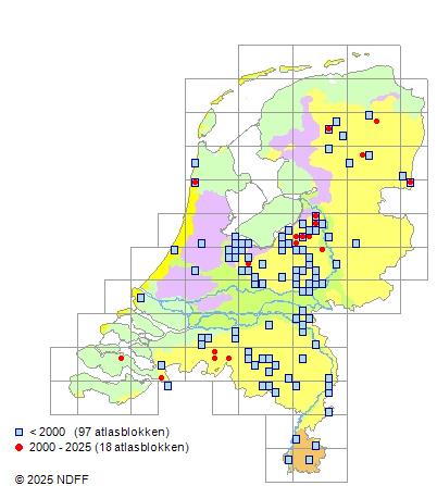 Het aantal atlasblokken (5x5 km) waarin de soort is gemeld binnen een periode van vijf jaar (vanaf 1980) of twintig jaar. Niet gecorrigeerd voor waarnemersinspanning en het aantal doorgegeven waarnemingen kan sterk variëren per periode, dus een trend in verspreiding kan hier niet direct uit worden afgelezen. Het opgegeven jaartal is het eerste jaar van de periode. Bron: gevalideerde waarnemingen uit de NDFF.
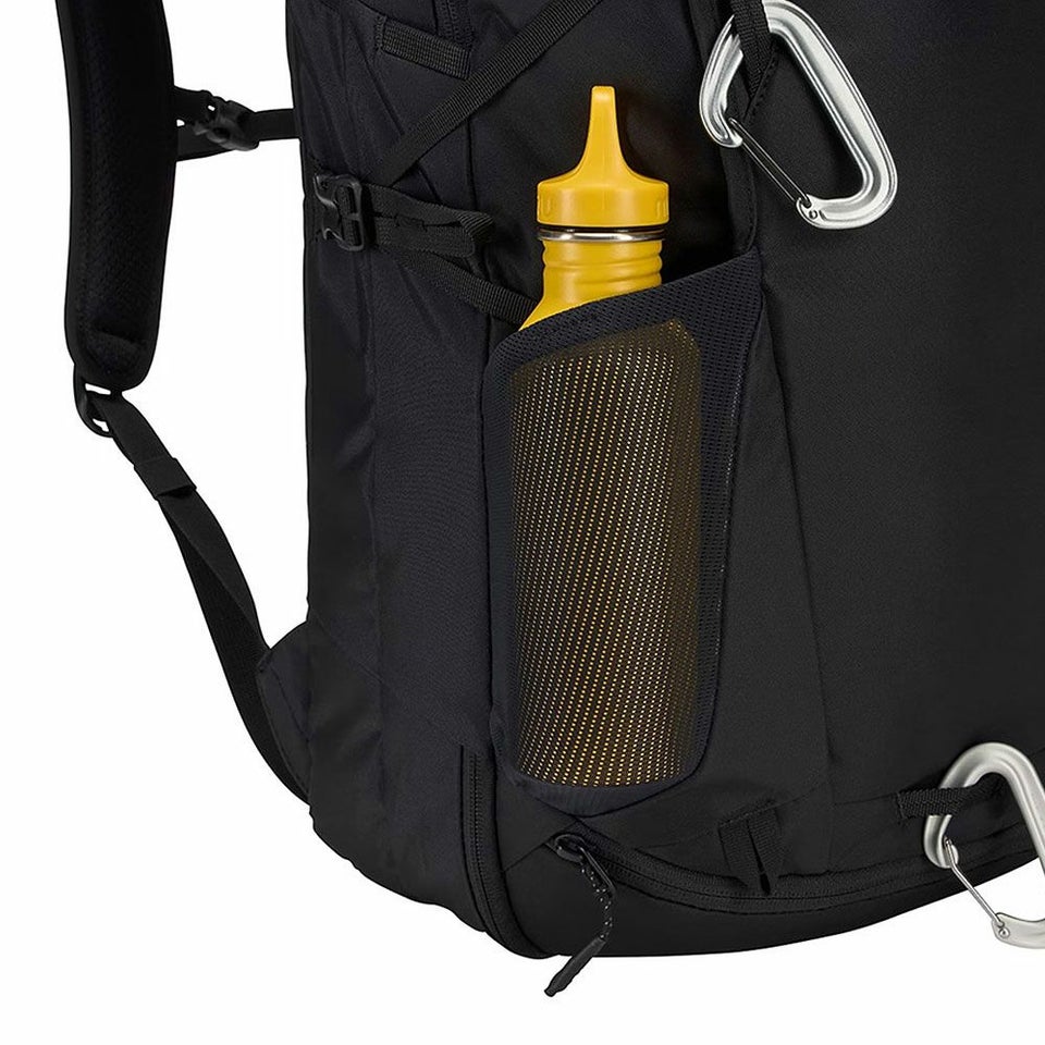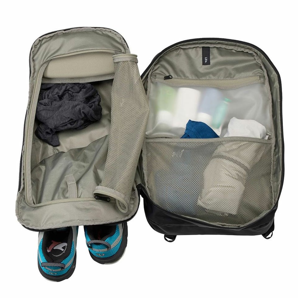 両開きジッパーでパッキングしやすく、メッシュパネルで荷崩れも防止。通気チャンネル付き背面、チェストストラップ、コンプレッションストラップが長時間でも快適な背負い心地を実現。
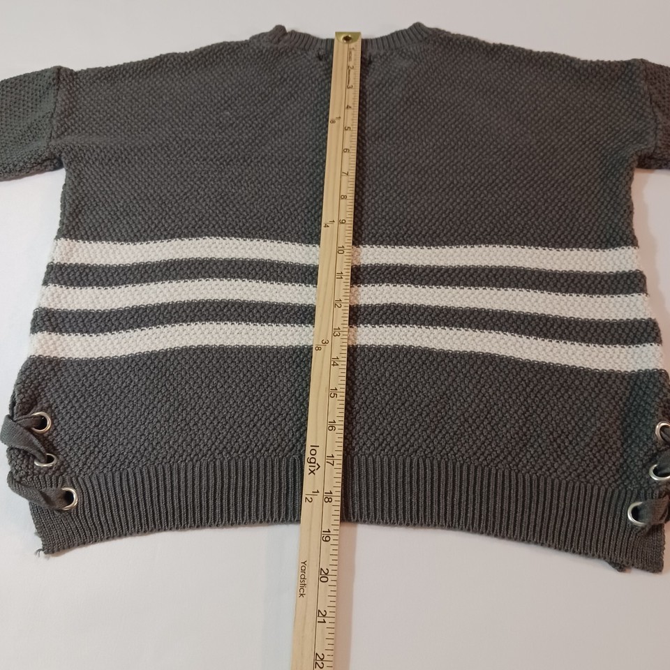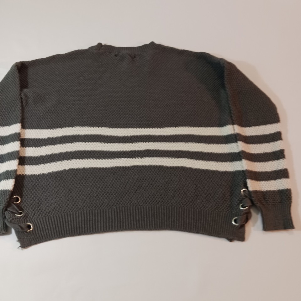 - Pink Republic Women's Gray & White Stripes Long Sleeve Pullover Sweater Size S
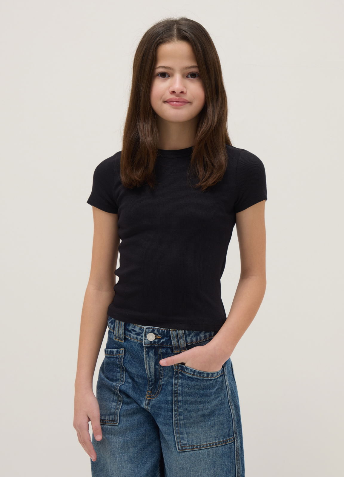 Тип продукта: Чёрная облегающая футболка из эластичного хлопка для девочек
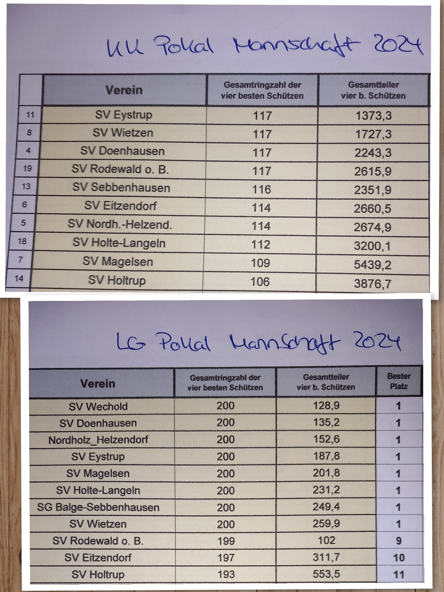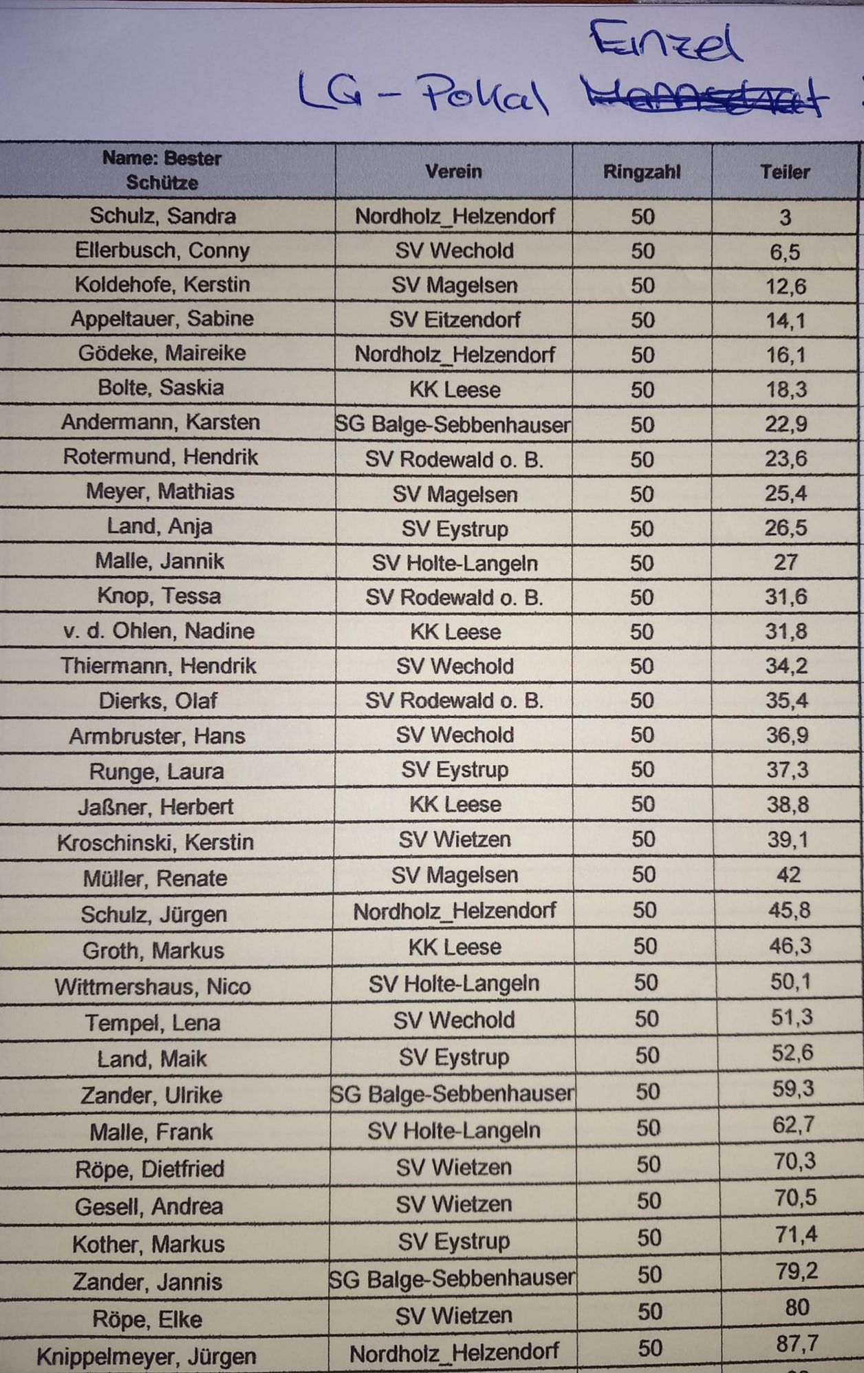 Aus den Reihen des Kreisverbandes war Kreisschießwart Frank Grunwald vor Ort, er verkündete folgende Ehrungen und Ergebnisse: Beim Wanderpokalschießen auf Kreisebene erreichten unsere Damen- wie Herrenmannschaft den ersten Platz und auch der Verbandspokal für gemischte Mannschaften ging nach Schweringen. In den Einzelwertungen waren Melanie Michaelis, Dörthe Andermann, Dieter Andermann, Holger Preikschat und Moritz Andermann besonders erfolgreich.
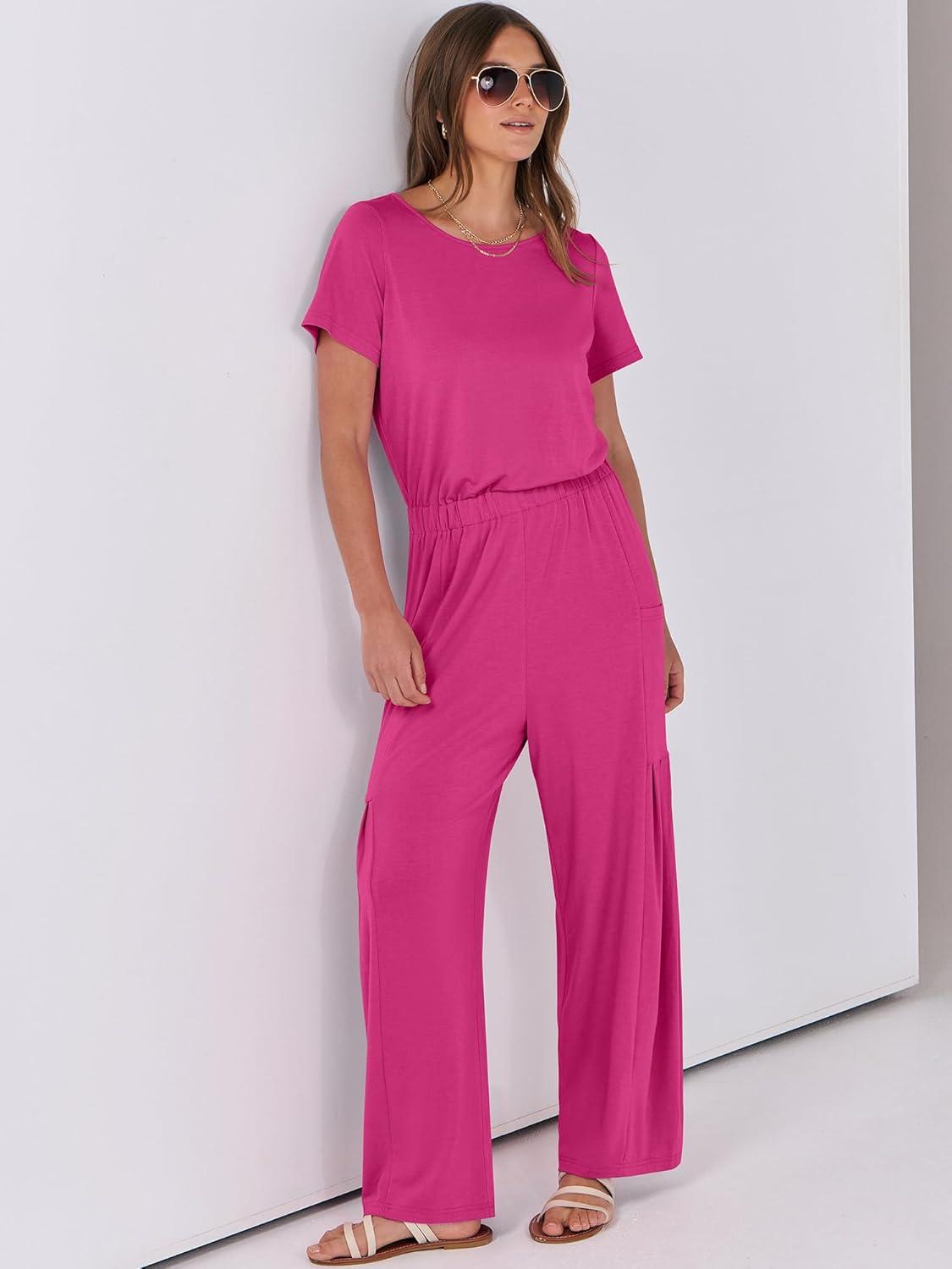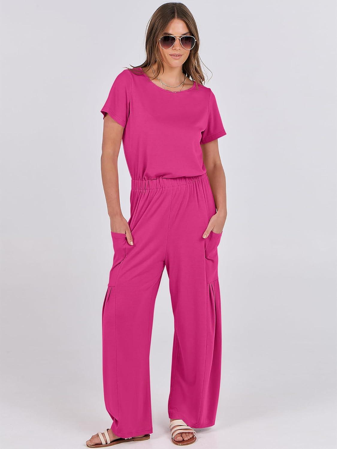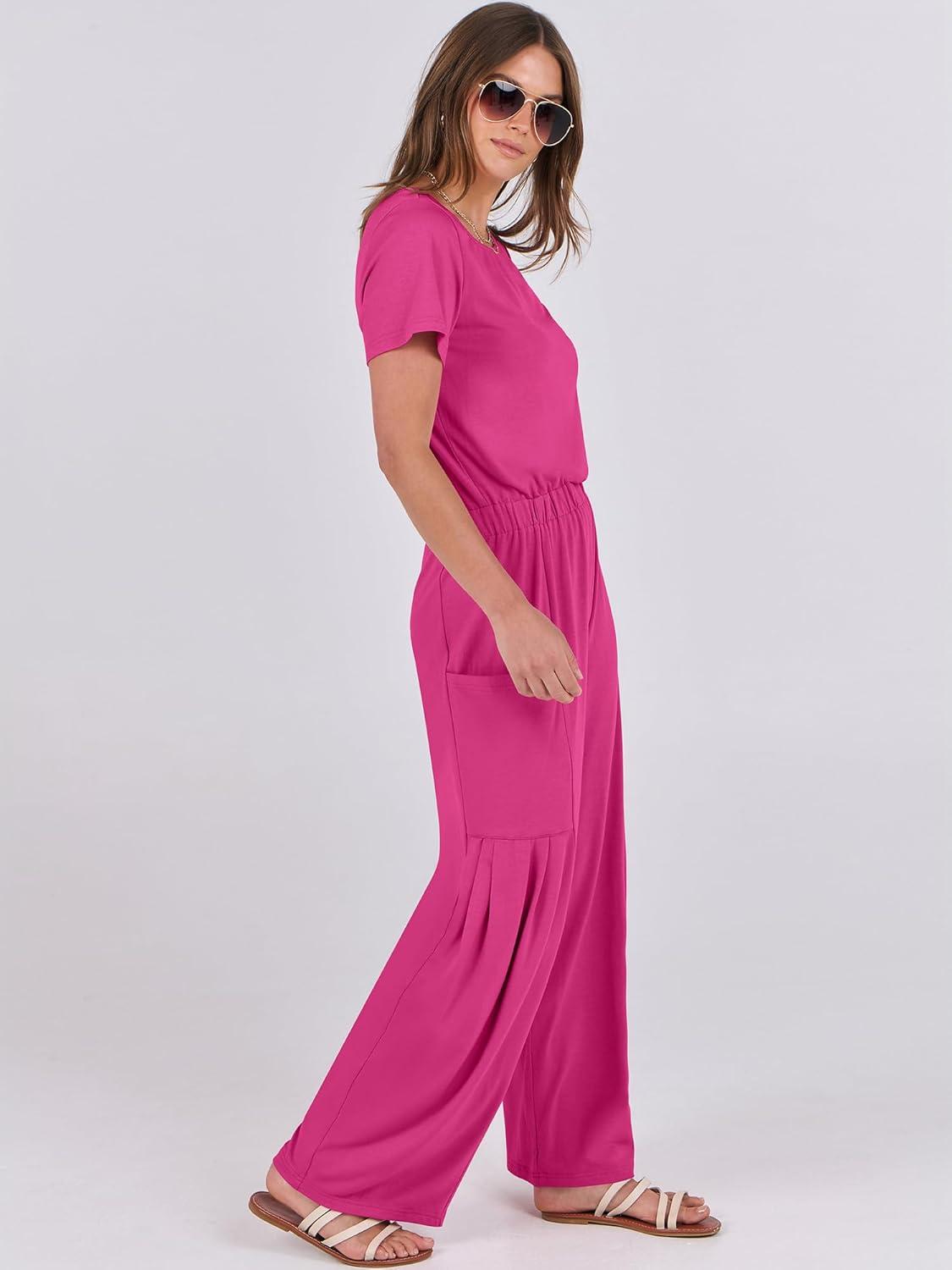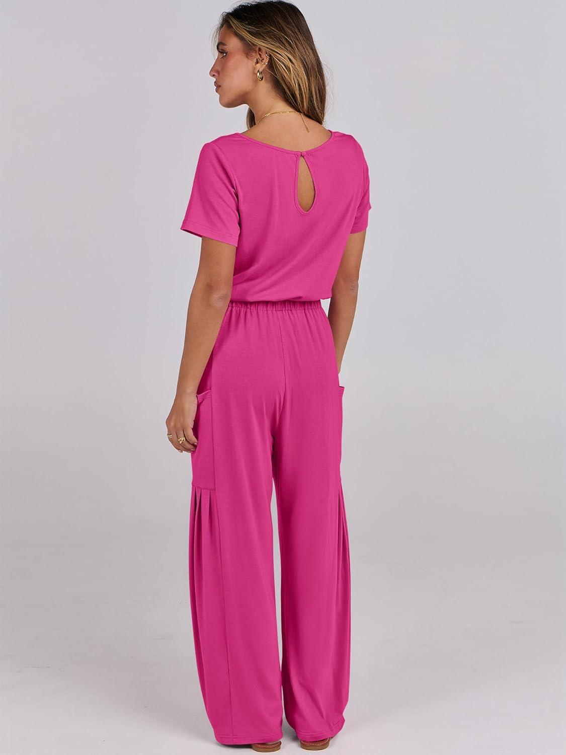 ANRABESS Jumpsuits for Women Short Sleeve Wide Leg Casual Summer One Piece Jumper Rompers 2025 Beach Vacation Travel Outfits(Hot Pink)
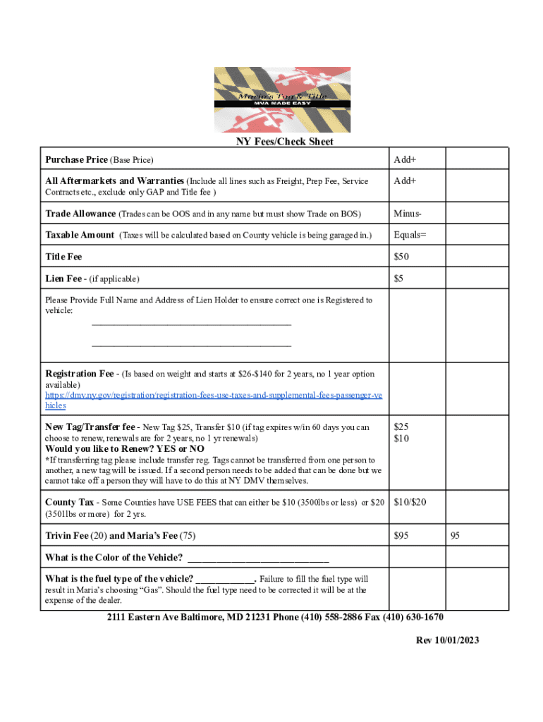 Get the free NY Fees/Check Sheet

◆ TASK DIRECTIONS ◆
Please write out, word for word, each line from the one with "- Pink Republic" to the last line of the data, keeping both ends and omitting pictures.

◆ RESPONSE BELOW ◆
 - Pink Republic Women's Gray & White Stripes Long Sleeve Pullover Sweater Size S
 Тип продукта: Чёрная облегающая футболка из эластичного хлопка для девочек
 Aus den Reihen des Kreisverbandes war Kreisschießwart Frank Grunwald vor Ort, er verkündete folgende Ehrungen und Ergebnisse: Beim Wanderpokalschießen auf Kreisebene erreichten unsere Damen- wie Herrenmannschaft den ersten Platz und auch der Verbandspokal für gemischte Mannschaften ging nach Schweringen. In den Einzelwertungen waren Melanie Michaelis, Dörthe Andermann, Dieter Andermann, Holger Preikschat und Moritz Andermann besonders erfolgreich.
 ANRABESS Jumpsuits for Women Short Sleeve Wide Leg Casual Summer One Piece Jumper Rompers 2025 Beach Vacation Travel Outfits(Hot Pink)
 Get the free NY Fees/Check Sheet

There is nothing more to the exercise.